The union definition gives an $\max\{|\texttt{int}|,|\texttt{float}|\}=4$ byte object (called obj2) where those bytes can be referenced by two different names, and the bit pattern in those bytes will be interpreted as an int if the name x is used, and as a float if the name y is used.

The hash_short_string() function exploits this ability to reinterpret the contents of a piece of memory in different ways. We know that a single uint8_t value will occupy 8 bits, or one byte; an array of eight uint8_t values will occupy 8 bytes; and a uint64_t value occupies 64 bits, or 8 bytes.

If we cast a pointer to a string into this type, it allows us to view the first eight bytes via the array is->skey. If the same eight bytes are referenced via is->ikey, they will be interpreted as a single value of type uint64_t.

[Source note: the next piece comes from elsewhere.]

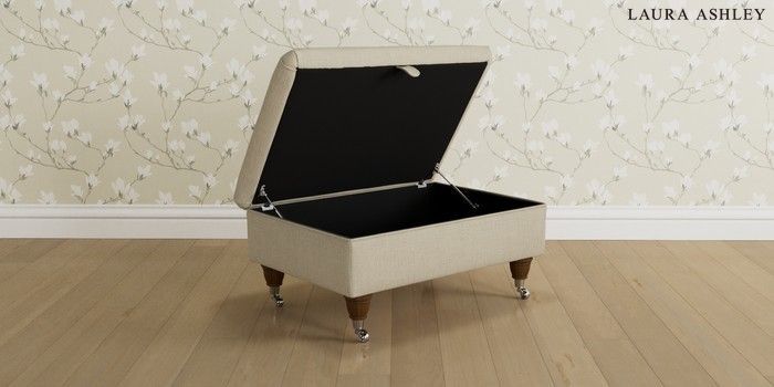 6.12.1 Buy Beaumaris by Laura Ashley Storage Footstool Wooton Natural Low Chrome Castor - Teak from the Next UK online shop Click here to use our accessible website
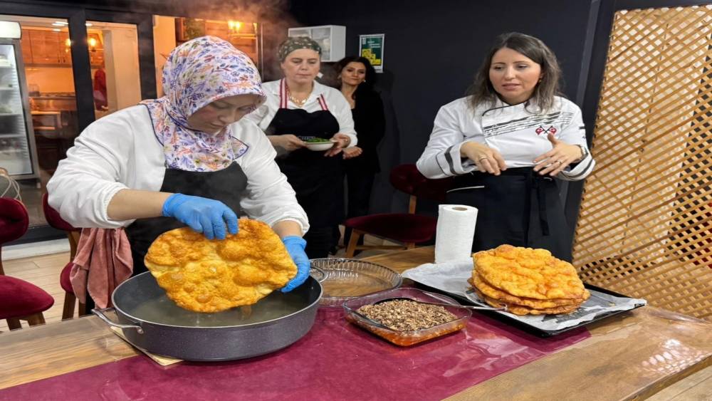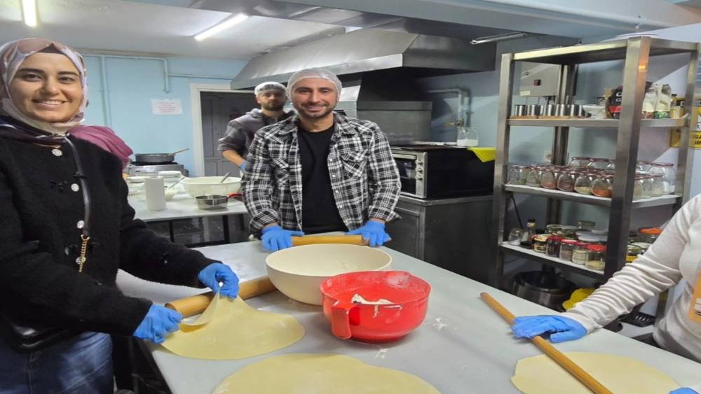 Aydın’da görev yapan öğretmenler bu kez öğreten değil öğrenen olurken, önlüğü giyen öğretmenler Aydın’ın önemli lezzetlerinden Paşa Böreği’ni yapmayı öğrendi.

By taking the first eight characters of the string, and treating it as a 64-bit unsigned integer value, we can take a value and produce a hash of (roughly) the string’s contents.

When we “fit” it into the table size using the mod operator, since the table size is relatively small compared to the space of values for the large integer, most of the bits will not be included in the hash value. For small hash table sizes – less than 65,000 or so – only the first two bytes of the string will actually contribute to the hash value.

Also, any characters beyond the 8th character will be completely ignored, regardless of the hash table size.

More problematic is the question of what happens with short strings (less than 8 characters); the first few bytes have defined values, but the bytes after that are filled with zeroes, and the order of the bytes is such that the zero bytes contribute to the hash.

In summary, this is not a great way to do hashing.

(For more on unions, structs, endianness, and all sorts of other bit-reinterpretation evils, check out COMP1521.)

If there is any remaining time, use it to finish any questions you did not cover in previous weeks.